Finished pastel paintings hang from a beam along the back wall of my studio. It's a good storage place while they are awaiting their frames but it is also usually quite dark. Today we have 3 inches of snow and the whole studio is illuminated by snow light coming through the opposite wall windows. Click on the image to enlarge.

Tuesday, February 22, 2011

red square number one

This is what red square number one looks like now. It was completely red with a strip of blues/greens in the upper left corner. After the red was dry, I applied an oil paint wash of several colors and left the red showing in places. We'll see where it goes from here...

Thursday, February 17, 2011

another spaghetti sauce side-track?

A couple years ago I got side-tracked by the color of spaghetti sauce. At that time, I fell in love with the color and dropped everything to paint my kitchen walls.

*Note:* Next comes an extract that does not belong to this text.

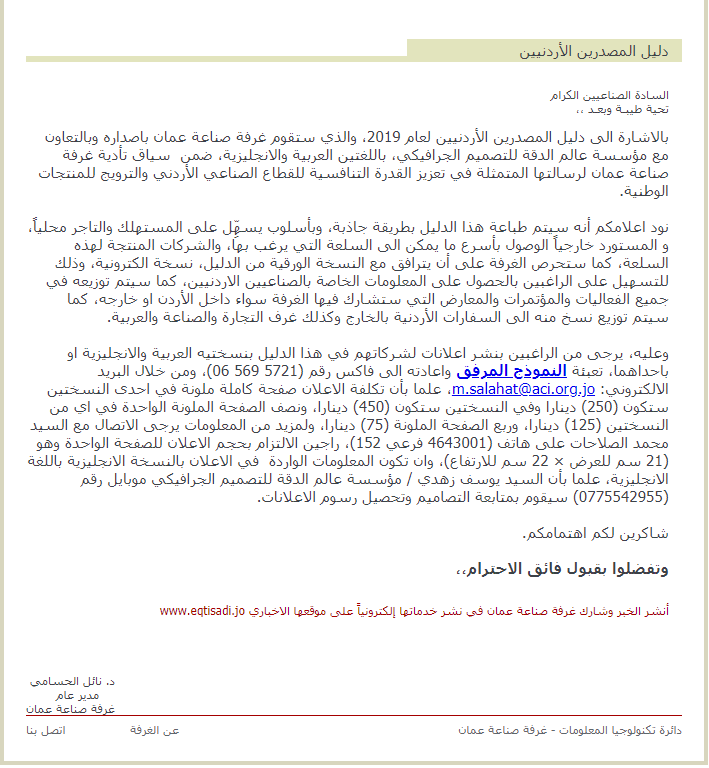 تدعوكم غرفة صناعة عمان للإعلان والترويج لمنتجاتكم ضمن دليل المصدرين الأردنيين

Today I used the remaining paint in the gallon can to paint over three very bad oil paintings. I had the first panel almost completely covered, just one more brush stroke of red to go in the upper left corner, but I loved the original color peeking through so I left that area unpainted. On the second and third panels, I deliberately left areas without red paint. Now, I'm feeling myself pulled toward abstraction...side-tracked again.

Sunday, February 13, 2011

31 to go?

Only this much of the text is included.